The visit-to-Aunt-Gail part wasn’t a mystery. I’d made the trip to Mount Kisco with my parents plenty of times. My dad’s only sister’s country home was one of those rustic, kick-back Adirondack-style cabins. It was a perfect place to unplug, and Aunt Gail was mellow, an easygoing host.

“Ember?” Dr. P’s voice snapped me to. “Are you there?”

“Yes.” I refocused. “But I don’t understand. I killed someone. A person is dead because of me.” My voice was more breath than sound. “It’s a major thing to forget.”

“The trauma surrounding selective recall is usually congruent with a memory disorder,” said Dr. P. “There have been many similar cases.”

“You always say that.” My voice was warning me that I was close to crying.

On the line, Dr. P suddenly seemed to remember that I was a person, not a file of case studies. “Think of it this way, Ember. Your body has taken hits that you can’t even feel in your day-to-day. For example, do you realize that you won’t have fully regenerated all of your lung tissue for seven years?”

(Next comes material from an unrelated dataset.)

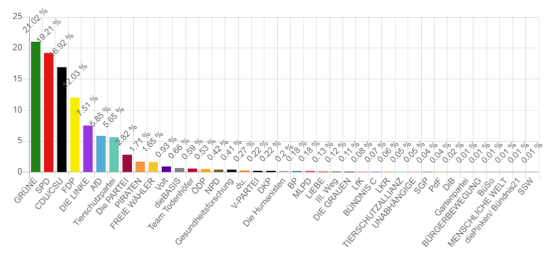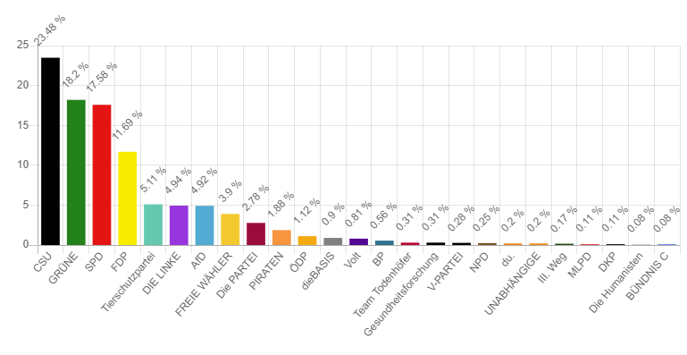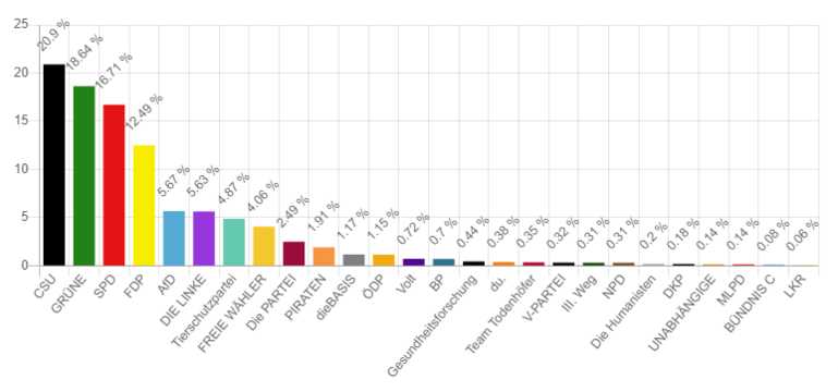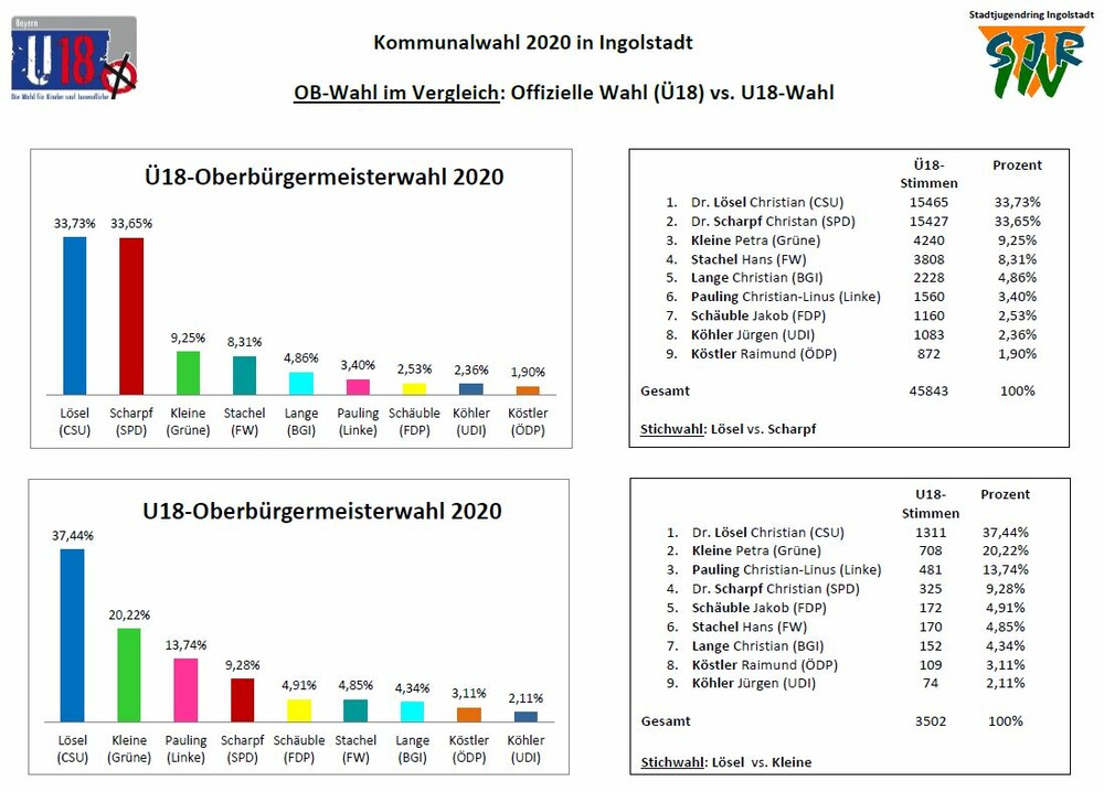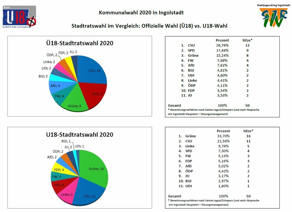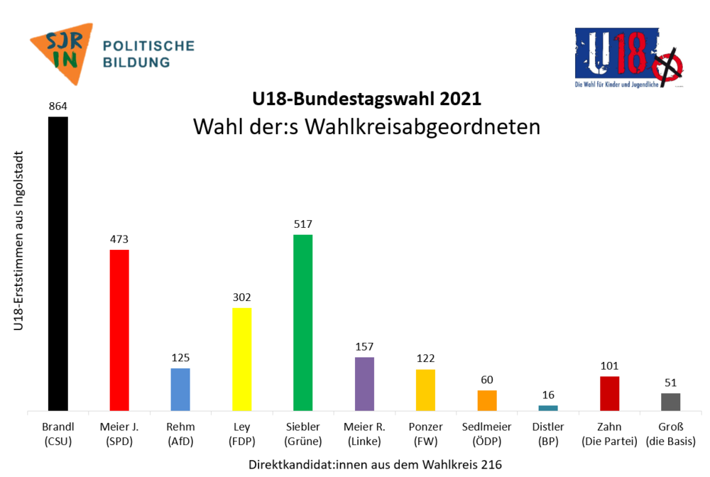 Am 17. September haben etwa 30 % der Kinder und Jugendlichen Ingolstadts ihre Stimme bei der U18-Bundestagswahl abgegeben. Die Ergebnisse aus den 14 Wahllokalen stehen nach Auszählung aller Stimmen fest: Reinhard Brandl holt sich das Direktmandat mit 864 Stimmen, gefolgt von Joachim Siebler mit 517 Stimmen und Jessica Meier mit 473 Stimmen. Die CSU in Ingolstadt hat mit 23,5 % die meisten Stimmen im Wahlkreis 216 Ingolstadt gewonnen. Danach folgen die Grünen mit 18,2%, SPD mit 17,6 %, FDP mit 11,7 % und die Tierschutzpartei mit 5,1 %. Die Linke und die AfD verfehlten knapp die 5%-Hürde.

Yes, I realized. Dr. P had only mentioned it a hundred times before. But so what? In seven years, I’ve got all-new lung tissue. In seven years, Anthony Travolo will still be dead. What kind of monster was I to have forgotten this person?

“So you need to give yourself a break. Your brain creates the shield while your body works on the repairs. And memory loss can be a natural defense mechanism to protect us from psychological damage. We never thought you’d forgotten it. Only blocked it. We were expecting this, and now you need to listen to me, Ember.” I imagined Dr. P hunkering forward in his office chair, shuffling papers, his wide shoulders up over his neck. “In recent weeks at Addington, we talked about your depression, and how much you wanted to return home. I trusted your instinct. With your parents’ concession—and several conversations about it—we thought it might be best for that particular memory, of the young man, to reawaken naturally. In an atmosphere where you felt most comfortable.”

“What happened to me at school today did not feel natural,” I told him. “No offense,” I added. I was annoyed by my shrill voice, my sarcasm. I really didn’t like to be disrespectful to Dr. P, who’d done so much for me. “I guess what I mean is my instinct was not for Claude McKechnie to give me that news.” I closed my eyes. “He’s not exactly anybody’s first pick for the circle of trust.”

“Claude might not have been the best trigger, but it seems that you transitioned smoothly. You were in complete control of the memory.”

In control? Carrying the death of Anthony Travolo around for months like an invisible skeleton wrapped around my body—this was me being smooth and in control?

Dr. P was just not helping. I told him I’d call him back later.

“Tea, sweetie?”

“No, thanks.” Ah, liquids—my mom’s cure-all for everything, including accidental homicide. I drifted into the living room, Mom softly padding behind.

“So this is why everyone’s been on eggshells around me,” I said, flopping onto the couch and curling up into a ball. “It must have been in all the papers, right? That there were two of us, and one survived?” For the first time, I wished I were back at Addington. The familiar unfamiliar of it. Home made everything too real.

“Your name was withheld because you’re a minor. Ember, you have to understand. It was an—”

“An accident, right. It doesn’t matter. I’m like Bethanne, aren’t I?” Bethanne Hill was a former neighbor who’d survived a house fire she’d started by accident, which had killed her toddler sister, Violet. It had happened over ten years ago.